Desk editor's note, referee report, simulated authors' rebuttal, and a circularity audit. Tearing a paper down is the easy half of reading it; the pith above is the substance, this is the friction.

Desk Editor's Note private letter to a colleague

The paper recasts active inference as a test-time scaling mechanism for embodied agents via a soft Bayesian policy update, but the claimed world-model reinforcement at test time rests on an asserted extension whose details are not visible in the abstract.

read the letter

The main new move is treating active inference's free-energy minimization as a scaling law that operates at test time rather than during training. The authors derive a variational solution for updating the policy as soft Bayesian inference over allowable actions, where the likelihood comes from expected prediction-error reduction. They also claim this extends to reinforcing resolved instances in both the policy and the world model, allowing the agent to scale with ongoing real-world experience instead of fixed training data. The simulation on an autonomous-driving task shows better generalization than Q-learning and Bayesian RL, plus a 36% inference-efficiency gain.

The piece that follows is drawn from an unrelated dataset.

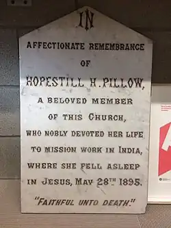 Hopestill Harland Pillow (28 June 1857 – 28 May 1895) was a Baptist missionary to India.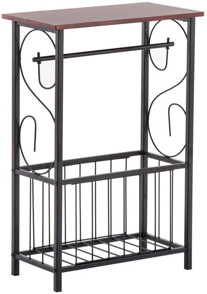 • 2. Enough space to store bathroom essentials. The removable bar holds up to 2 rolls of toilet tissue, while the bottom basket stores magazines, books or additional rolls

What works is the clean mapping from active-inference principles to a concrete policy-update rule and the biological reading that links it to basal-ganglia and prefrontal mechanisms. The variational bound is a standard tool in the field, so the technical step is incremental but applied in a new context.

The soft spot is the leap from inference to parameter learning. Free-energy minimization is usually for posterior beliefs; turning resolved test-time instances into updates of the world-model parameters requires an outer loop or gradient step that is not automatic and can be unstable in non-stationary settings. The abstract asserts the extension without showing the mechanism or stability argument, so the departure from training-data scaling is not yet demonstrated. No equations, error bars, or ablation details appear in the provided summary.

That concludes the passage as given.